Changes to the main branch automatically rebuild and push the container image via github action, but non-main branches or forked repos need to be hand-built and pushed to a developer specific location to avoid overwriting the official images.

Sample steps to build and push bundle and container images

As desired, export CONTAINER_TOOL to docker or podman before building. (Default is docker.)

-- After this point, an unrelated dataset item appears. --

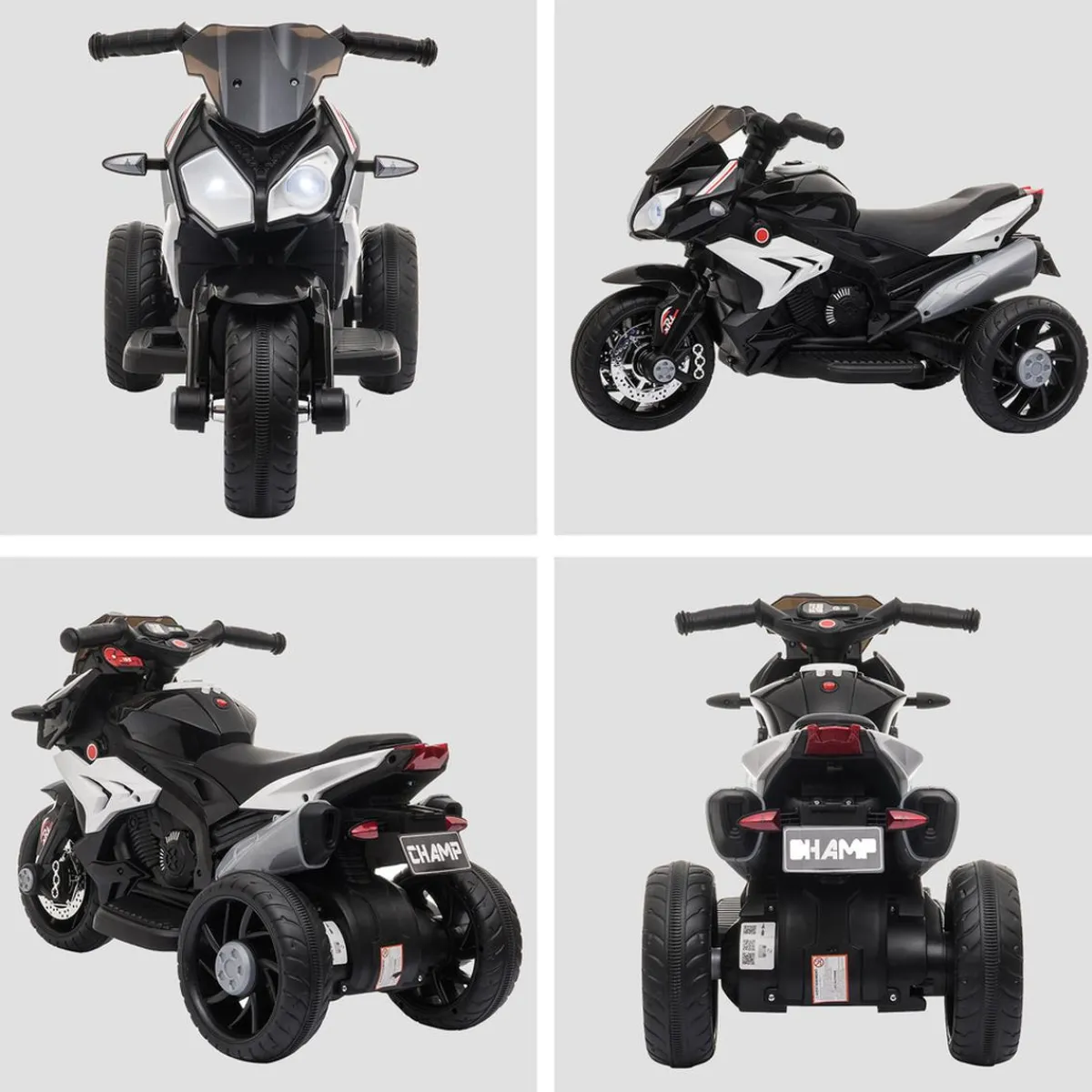 Homcom – Moto eléctrica batería 3 ruedas Trimoto Negro y Blanco. ¡Qué empiece la aventura! Esta motocicleta eléctrica de Homcom con 3 ruedas será la compañera de aventuras perfecta para cualquier niño. Con una autonomía de hasta 45 minutos después de una carga completa, podrá ir por sus lugares favoritos como un verdadero conductor y a una velocidad limitada de seguridad de 3 km/h. Con faros delanteros con luz, esta moto ofrece una experiencia de conducción de lo más realista, para que los niños se lo pasen en grande.

export BUNDLE_IMG="REPOSITORYURL/REPOSITORYNAME/susql-controller:v$(cat VERSION)"
export IMG=REGISTRYURL/REPOSITORYNAME/susql-controller
export IMAGE_TAG_BASE=${IMG}
export CONTAINER_TOOL=podman
podman login
make all
make bundle-build bundle-push
make operator-build operator-push

Trivial early sanity testing

make test
make run

(Use control-c to terminate make run)

Deploy to cluster

  • Log in to cluster on the command line using command from "Copy login command" on upper right corner of OpenShift web console
  • Be sure to remove previously installed SusQL operators.
  • operator-sdk cleanup susql-operator
  • operator-sdk run bundle ${BUNDLE_IMG}

Simple functional verification

cd susql-operator/test
oc create -f labelgroups.yaml
oc create -f training-job-1.yaml
oc create -f training-job-2.yaml

bash labelgroups.sh
sleep 10
bash labelgroups.sh

# remove test artifacts on completion
oc delete -f training-job-2.yaml
oc delete -f training-job-1.yaml
oc delete -f labelgroups.yaml

Troubleshooting

  • Verify configuration displayed at install and run time
  • Double check that Kepler is functioning (e.g., expected output from OpenShift->Observe->Dashboards, etc)
  • Try looking at OpenShift->Observe->Metrics searches such as:
    • kepler_container_joules_total
    • kepler_container_joules_total{container_namespace="default"}
  • Standard Kepler troubleshooting: https://sustainable-computing.io/usage/trouble_shooting/
  • Look at SusQL controller pod log output

Depending on how the operator is installed it may be in one of the following namespaces:

  • susql-operator-system, openshift-operators, or default
oc project default
oc logs $( oc get pod | grep susql-operator | cut -f 1 -d" " )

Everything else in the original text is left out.